SunCC is a good compiler when its not fighting back or not crashing.
In the Crypto++ context I find it produces code slightly less than
GCC/ICPC, but better than Clang and MSC.

> I had a go testing it on Solaris 11 with Sun Studio 12.4 in 64 bit and have
> to report a few problems:
>
> 1) There could be more info in the Readme.txt to explain how to build it on
> solaris.

OK,for this, I think we need a wiki page. Wiki pages get indexed by
search engines, so users will find the information easier.

Wiki pages are on my TODO list. I need a 32-hour day....

> 2) I had to hack the makefile to remove use of the -pipe option, near where
> it says: Add -pipe for everything except ARM (allow ARM-64 because they
> seems to have > 1 GB of memory)

OK, so this is going to be tough but doable with tradeoffs. The
complete remediation would be to get VM stats in the makefile, but
that's not going to happen.

When I experienced the problem, I was surprised to learn a
dev-workstation with 8GB of AM and 100+ GB of storage did not have
enough virtual memory to compile a program. I added more virtual
memory to solve the problem; see "Verify there's enough memory and
storage to compile a file?", http://superuser.com/q/1098800 .

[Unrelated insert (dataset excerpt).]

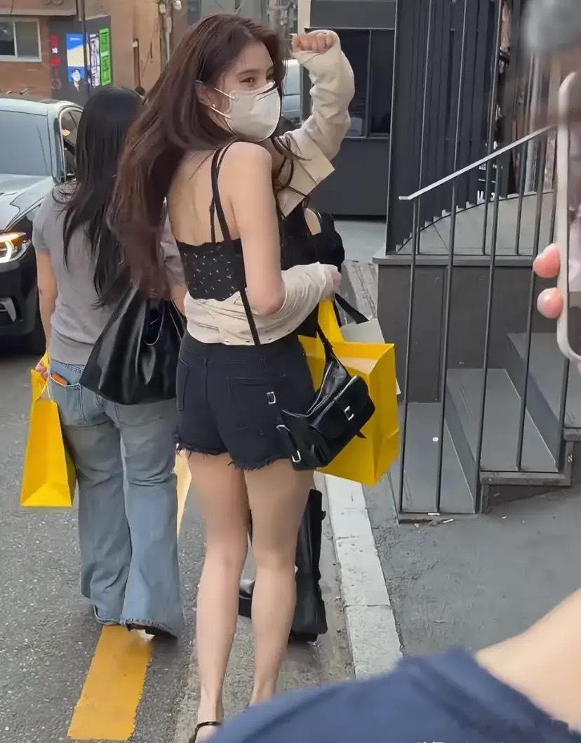 韩素希逛街被偶遇,她穿着背心短裤,双腿又白又长人看着都香香的!
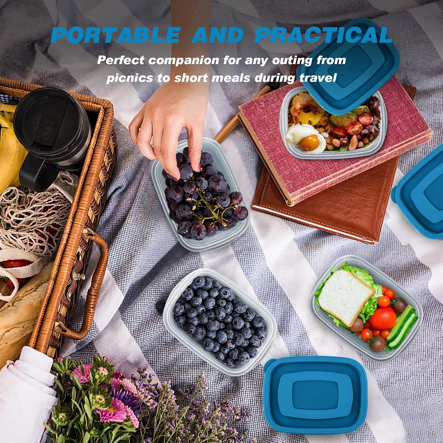 • 【Perfect Specifications】:Storage Box set consists of 20 transparent plastic with blue lids.Each size:( 5.32 x 3.93 x 1.96in,0.53 Quarts,500ML),which can meet your different needs,from storing fruits to preparing dishes.

The tradeoff is to disable -pipe for Solaris. It may fix the problem
but it will surely slow down compiles. My question to you is: what is
it you want us to do? Do you want us to disable -pipe for Solaris?
Just SunCC? Maybe something else?

> 3) The test program core dumps when run with the v option.
> Testing MessageDigest algorithm SHA-384.
> ..signal BUS (invalid address alignment) in CryptoPP::SHA512::Transform at
> line 27 in file "sha.cpp"
> 27 #define blk0(i) (W[i] = data[i])
> (dbx) print data
> data = 0xffffffff7fffc1ec
> (dbx) print i
> dbx: "i" is not defined in the scope
> `cryptest.exe`sha.cpp`CryptoPP::SHA512::Transform(unsigned long long*,const
> unsigned long long*)`
> dbx: see `help scope' for details
> (dbx) where
> =>[1] CryptoPP::SHA512::Transform(state = 0x1010f1980, data =
> 0xffffffff7fffc1ec) (optimized), at 0x1006041a8 (line ~27) in "sha.cpp"
> [2] CryptoPP::IteratedHashWithStaticTransform<unsigned long
> long,CryptoPP::EnumToType<CryptoPP::ByteOrder,1>,128U,64U,CryptoPP::SHA384,48U,false>::HashEndianCorrectedBlock(this
> = 0x1010f18d0, data = 0xffffffff7fffc1ec) (optimized), at 0x1004b30b8 (line
> ~89) in "iterhash.h"
> [3] CryptoPP::IteratedHashBase<unsigned long
> long,CryptoPP::HashTransformation>::HashMultipleBlocks(this = 0x1010f18d0,
> input = 0xffffffff7fffc1ec, length = <value unavailable>) (optimized), at
> 0x1005cff6c (line ~91) in "iterhash.cpp"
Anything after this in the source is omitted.